*** SUPPLIED DATA Section Begins ***
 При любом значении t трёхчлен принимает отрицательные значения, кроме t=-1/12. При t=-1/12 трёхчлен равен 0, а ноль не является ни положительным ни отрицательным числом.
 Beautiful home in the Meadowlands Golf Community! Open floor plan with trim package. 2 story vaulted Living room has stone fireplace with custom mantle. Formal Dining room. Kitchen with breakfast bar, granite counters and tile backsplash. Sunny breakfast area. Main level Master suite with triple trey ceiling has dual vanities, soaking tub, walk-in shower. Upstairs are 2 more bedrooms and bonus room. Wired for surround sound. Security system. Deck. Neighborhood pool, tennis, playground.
*** SUPPLIED DATA Section Ends ***
*** SUPPLIED DATA Section Begins ***
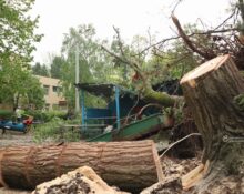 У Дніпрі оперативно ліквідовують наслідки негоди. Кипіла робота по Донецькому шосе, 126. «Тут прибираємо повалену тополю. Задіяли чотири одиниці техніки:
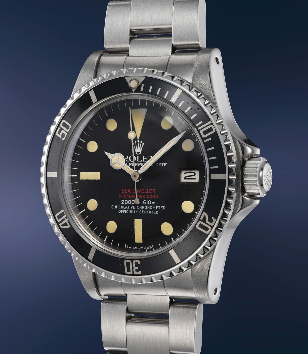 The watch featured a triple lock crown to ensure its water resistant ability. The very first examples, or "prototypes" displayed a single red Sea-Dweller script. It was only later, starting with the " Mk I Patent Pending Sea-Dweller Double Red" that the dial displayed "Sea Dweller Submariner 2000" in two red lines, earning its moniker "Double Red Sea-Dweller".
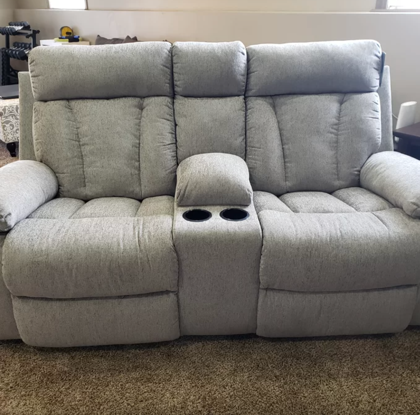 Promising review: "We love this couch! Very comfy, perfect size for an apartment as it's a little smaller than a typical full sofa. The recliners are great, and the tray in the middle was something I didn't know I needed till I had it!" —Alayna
*** SUPPLIED DATA Section Ends ***
EXERCISE DETAILS -
Print from the line containing "The watch featured" through the line containing "love this couch!" in the data above, exactly as the lines stand, and omit every picture.

WORKED SOLUTION -
 The watch featured a triple lock crown to ensure its water resistant ability. The very first examples, or "prototypes" displayed a single red Sea-Dweller script. It was only later, starting with the " Mk I Patent Pending Sea-Dweller Double Red" that the dial displayed "Sea Dweller Submariner 2000" in two red lines, earning its moniker "Double Red Sea-Dweller".
 Promising review: "We love this couch! Very comfy, perfect size for an apartment as it's a little smaller than a typical full sofa. The recliners are great, and the tray in the middle was something I didn't know I needed till I had it!" —Alayna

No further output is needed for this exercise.